In this series, we treat it as one.
Sentiment Analysis Is Not a Single Task
“Detect sentiment” sounds simple until you inspect the data.
In this dataset, we’re classifying tweets into:
positive
neutral
negative
But immediately, ambiguity appears:
Neutral tweets dominate the dataset
Language is noisy and sometimes incorrect
Many tweets are variations of the same event context
Before touching a model, we ask a more important question:
Where can real signal plausibly exist?
Class Imbalance and Why Accuracy Is Misleading
The dataset is moderately imbalanced:
~50% neutral
~25% positive
~25% negative
This immediately rules out accuracy as a useful metric.
Accuracy rewards predicting “neutral” often — even if the model is useless.
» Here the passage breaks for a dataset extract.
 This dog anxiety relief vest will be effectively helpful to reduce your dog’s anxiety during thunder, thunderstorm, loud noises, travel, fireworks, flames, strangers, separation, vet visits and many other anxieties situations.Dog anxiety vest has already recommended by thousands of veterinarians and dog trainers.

Instead, we commit to weighted F1, which:
penalizes poor minority-class performance
reflects real-world cost asymmetry
forces the system to care about all labels
This decision alone prevents a large class of silent failures.
Metadata Isn’t Optional — It’s Signal
Author Identity
At first glance, author ID seems irrelevant.
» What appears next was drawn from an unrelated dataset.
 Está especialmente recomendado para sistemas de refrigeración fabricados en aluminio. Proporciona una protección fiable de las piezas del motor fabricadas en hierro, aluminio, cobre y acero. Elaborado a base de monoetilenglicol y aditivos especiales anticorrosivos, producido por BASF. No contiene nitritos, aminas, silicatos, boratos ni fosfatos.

But aggregation reveals a pattern:
authors who tweet neutrally tend to remain neutral
sentiment behavior clusters by user
This is behavioral leakage — and ignoring it discards usable signal.
Retweet Count
Retweet count is noisy and inconsistent.
Its relationship with sentiment isn’t obvious.
But uncertainty doesn’t mean uselessness.
In systems work, ambiguous features are retained until proven harmful — not discarded prematurely.
Language Field
Despite noise, nearly all tweets are English.
This feature adds entropy without information.
It is removed.
Tweet Length
Length distributions overlap heavily across classes.
Still, subtle differences exist — especially between neutral and negative tweets.
Weak signals matter when aggregated.
First Contact with Text: Why Frequency Lies
We begin with CountVectorizer and word clouds — not for modeling, but for inspection.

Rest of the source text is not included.